Summary
The JLP allows users to swap between various tokens, helping maintain the balance of each pool in relation to its target allocations. This mechanism was initially designed to stabilize pool sizes but will also play a critical role in enabling seamless conditional orders in the future. The smooth execution of these orders relies heavily on maintaining well-calibrated fees.
Optimizing swap fees within the Jupiter Liquidity Pool is critical for providing the best user experience without discouraging transactions and protecting the pool from larger trades. Our analysis draws on historical trade data from September 2024, covering both stablecoin and non-stablecoin transactions. By leveraging the Edge Oracle price feed, we estimated realized fees and derived insights to guide our recommendations. These recommendations focus on improving the user experience, enhancing liquidity pool balance, and significantly penalizing larger trades.
Alternatively, we recommend implementing a simplified fee structure that prioritizes trade size over initial imbalance. This approach would foster more stable trading fees over time, penalize larger trades, and minimize the impact on smaller ones.
Recommendations
Non Stable Base Fee | Non Stable Tax Fee | Stable Base Fee | Stable Tax Fee | |
---|---|---|---|---|
Step 1 | 50 → 10 | 120 → 500 | 20 → 2 | 20 → 50 |
Step 2 | 10 → 8 | 500 | 2 | 50 |
Historical Data
We analyzed all trades made in September 2024 that were routed through Jupiter. To estimate the fees paid, we utilized the Edge Oracle price feed to determine the value of both the input and output tokens. While this method does not directly reflect the fees charged by other protocols, it accounts for price oracle deviations, which Jupiter’s pool needs to be protected against—factoring in both fees and price discrepancies.

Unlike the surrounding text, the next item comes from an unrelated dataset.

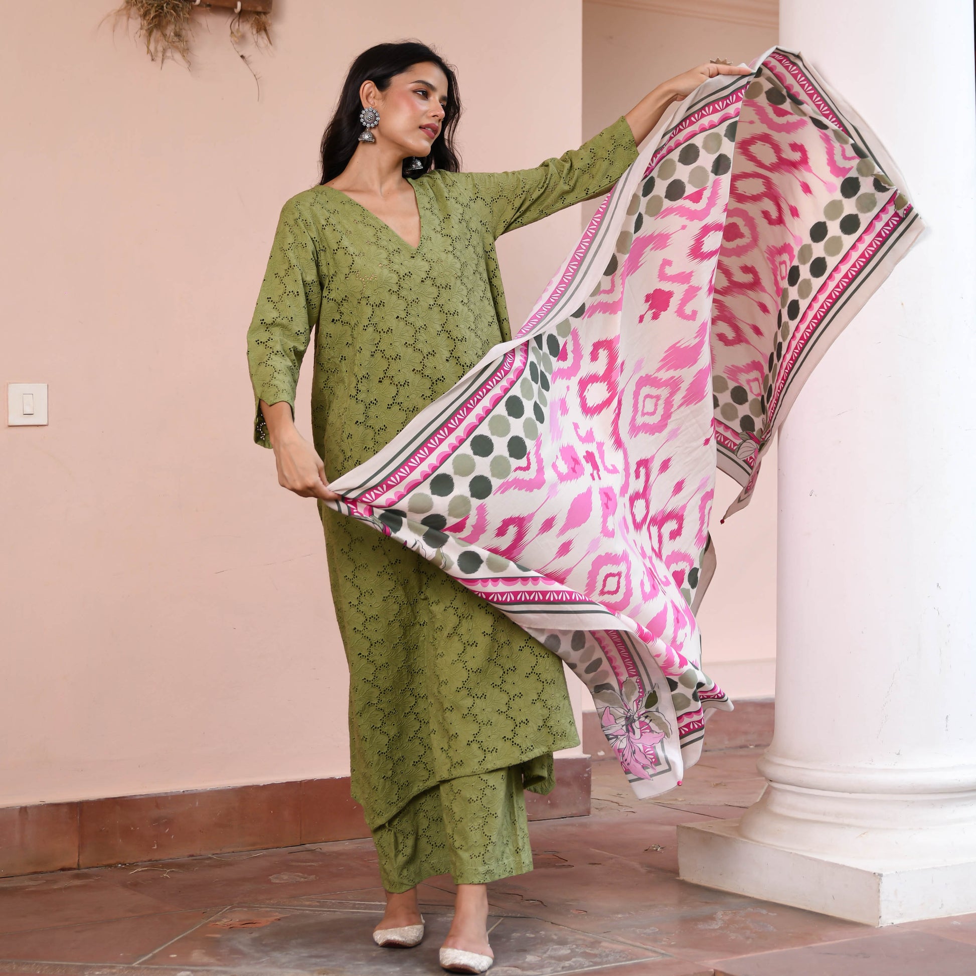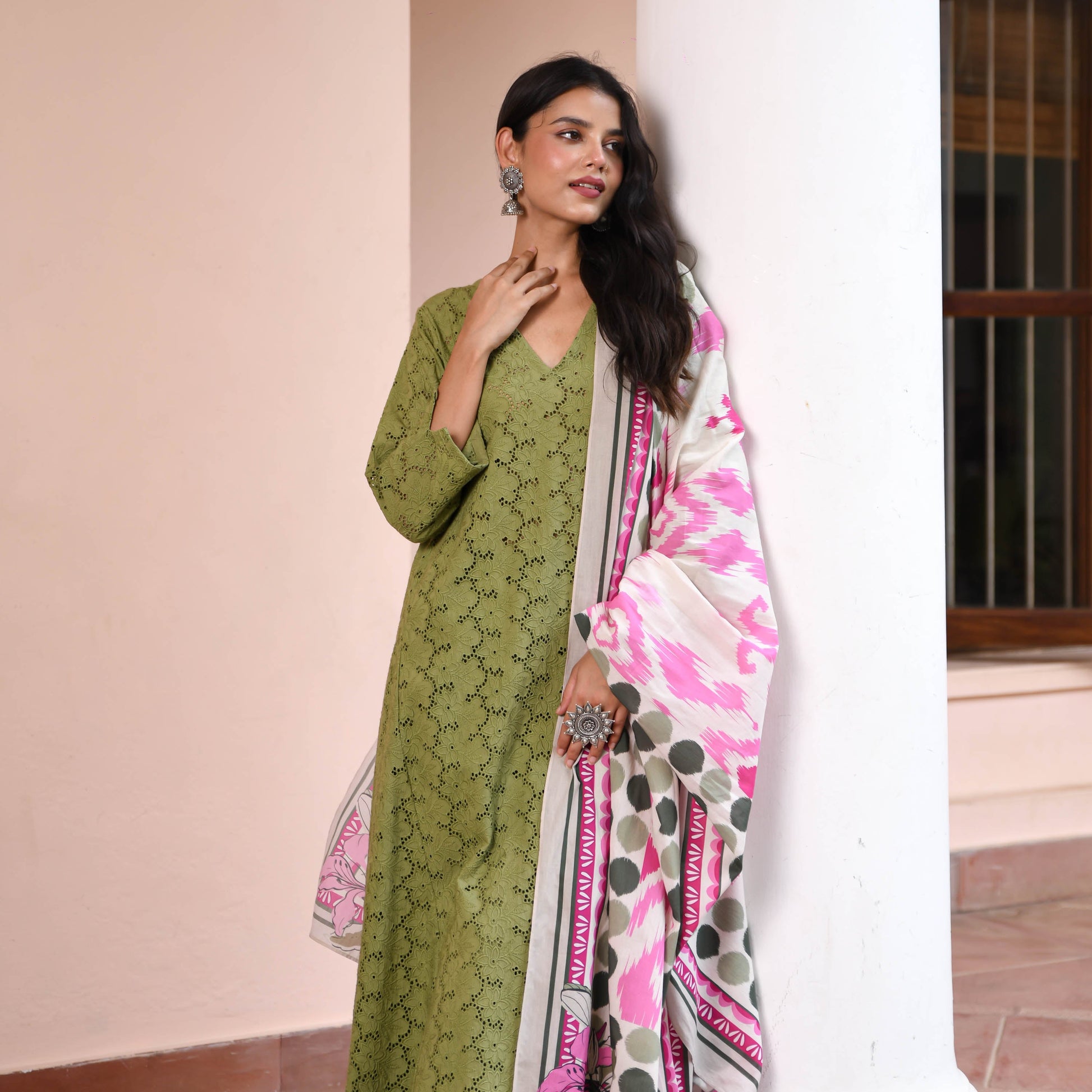 Elevate your style with the Olive Cotton Schiffli Suit Set! Crafted from luxurious cotton schiffli, this set features a loose-fit A-line kurta with a chic V-neckline and an asymmetrical hemline for a modern twist. The three-quarter sleeves add elegance, while the matching pants ensure comfort. Complete with a multicolor abstract printed dupatta, it's a vibrant choice for a standout look!

During the analysis, we observed that several trades incurred negative fees, a phenomenon expected due to price oracle deviations and arbitrageurs’ actions. Below is a summary of aggregated data for trades involving JLP assets, WBTC, SOL, WETH, USDC, and USDT.
The following table displays weighted percentiles for trades above and below $1 million. This metric was selected because standard percentiles consider only the count of trades that paid a particular fee. In contrast, weighted percentiles factor in transaction size, offering a more representative view of the overall fee distribution.
10th Weighted Percentile (bps) | 50th Weighted Percentile (bps) | 90th Weighted Percentile (bps) | |
---|---|---|---|
Non Stable | -1.21 | 2.12 | 9.56 |
Non Stable (>1M) | 11.77 | 18.51 | 22.11 |
Stable Swaps | -0.57 | 0.68 | 1.90 |
Stable Swaps >1M | 0.79 | 0.94 | 3.02 |
At first glance, it is clear that the fees charged by other protocols are significantly lower than the base fees on Jupiter Perps, which are set at 20 basis points (bps) for stablecoins and 50 bps for non-stablecoins. This discrepancy partially explains the low volume of swaps being routed through the JLP pool.
For non-stablecoin trades, we observe that a fee range of 2 to 10 basis points (bps) is generally acceptable for smaller trades. However, for trades exceeding $1 million, fees typically rise above 18 bps. Implementing similar fee structures in the JLP pool may not always be feasible, as they depend heavily on the level of imbalance within the pool. Therefore, we will analyze potential fee values under different conditions.
For stablecoins, liquidity is generally more concentrated, leading to similar fees for trades above $1 million as those charged in other stablecoin-focused swaps. We are considering parameters that would result in fees ranging from 0.5 to 2 bps for smaller trade sizes, while fees for trades exceeding $1 million would be set at over 3 bps.
Swapping Mechanism Overview
Before discussing the recommendations, it’s essential to understand the mechanism behind Jupiter’s swap fees. The fee structure differs between stablecoin swaps and non-stablecoin swaps and is determined by two key constants: the base fee and the tax fee.
In Jupiter’s contracts, the fees are calculated based on the initial and final imbalances of the liquidity pools involved in the trade. For each pool, the contract compares the initial difference from the target pool size to the final difference after the swap, and the fee is adjusted accordingly.
Fee Calculation Logic:
-
initialDiff = targetAmount - currentAmount
finalDiff = initialDiff + tradeSize
-
If |initialDiff| > |finalDiff| then:
- If |initialDiff| < |finalDiff| then
- Finally, the fee is computed as:
Key Properties of the Fee Mechanism
- Tax Fee as Price Impact Protection: The tax fee safeguards against large price imbalances by imposing higher fees when there is a significant deviation from the target pool size, helping to reduce drastic imbalances in the liquidity pools.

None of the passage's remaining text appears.